Bush urges vote on chemical weapons He also backs repaying U.S. debt to U.N., boosting foreign-affairs spending


HOUSTON -- Secretary of State Madeleine Albright received strong backing yesterday from former President George Bush for a treaty to ban chemical weapons, as well as for an increase in spending on foreign affairs and a plan by the Clinton administration to repay the United States' debt to the United Nations.

Appearing with Albright after breakfast at his home here, Bush said the United States needs to approve the treaty banning chemical weapons before it goes into effect in April. More than 60 nations have already ratified it, but the Senate has resisted bringing it to a vote.

Bush's support was hardly surprising; the treaty was negotiated during his term in office. But for Albright, the public expression of support from a Republican former president was a culmination of a two-day visit here intended to infuse the administration's foreign policy with the aura of bipartisanship.

"This should be beyond partisanship," Bush said of the chemical weapons ban.

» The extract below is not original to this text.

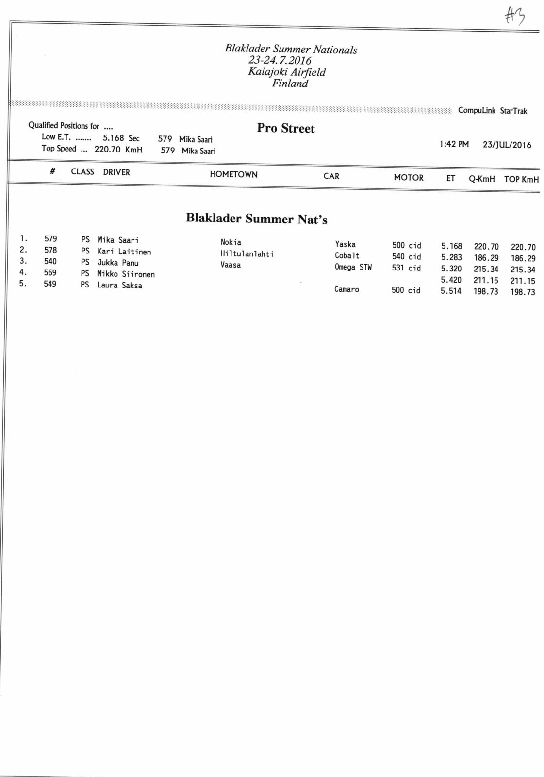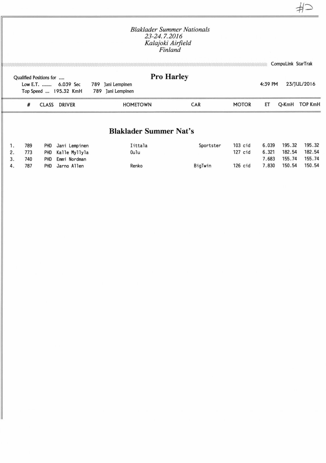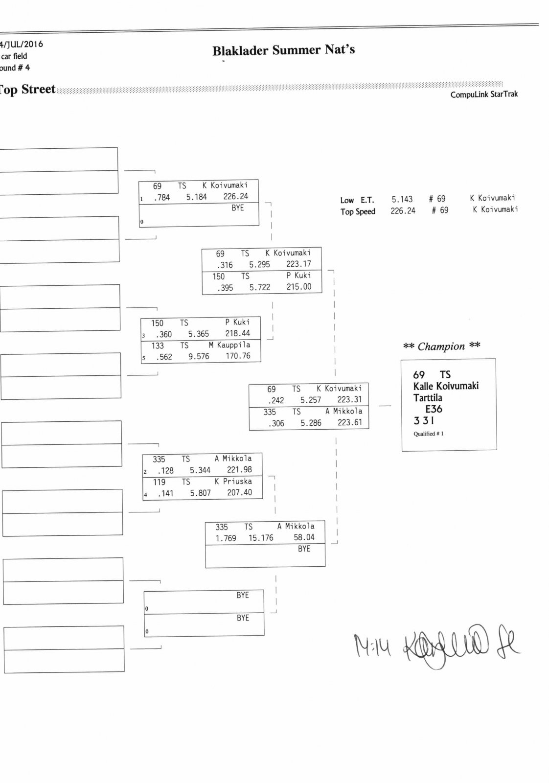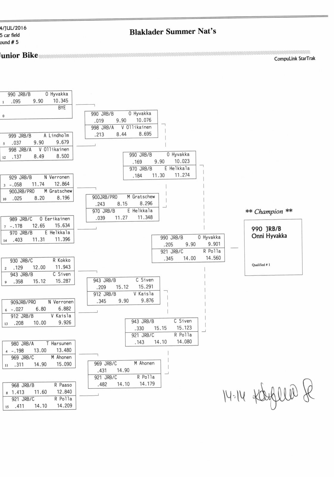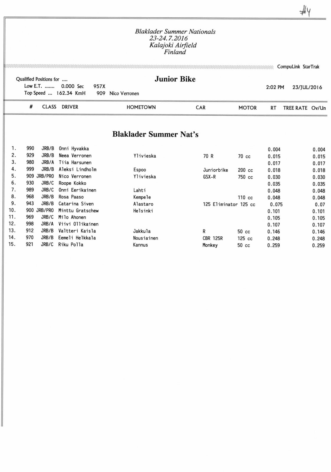 FHRA uutiset 23.-24.7.2016 FHRA kiihdytysajon SM-osakilpailu 4, Blåkläder Summer Nationals, Kalajoki

"I have a certain fatherhood feeling about that, but leaving that out, I think it is vitally important for the United States to be out front, not to be dragged kicking and screaming to the finish line on that question," he said.

Bush, appearing with Albright and his wife, Barbara, in the driveway outside his home here, also ridiculed what he called the "stupid feeling in some quarters" that the United States did not need to maintain financing for diplomacy abroad.

Bush, who served as the U.S. delegate to the United Nations from 1971 to 1973, also said it was of "fundamental importance" that the United States repay the more than $1 billion in dues it has refused to pay for three years.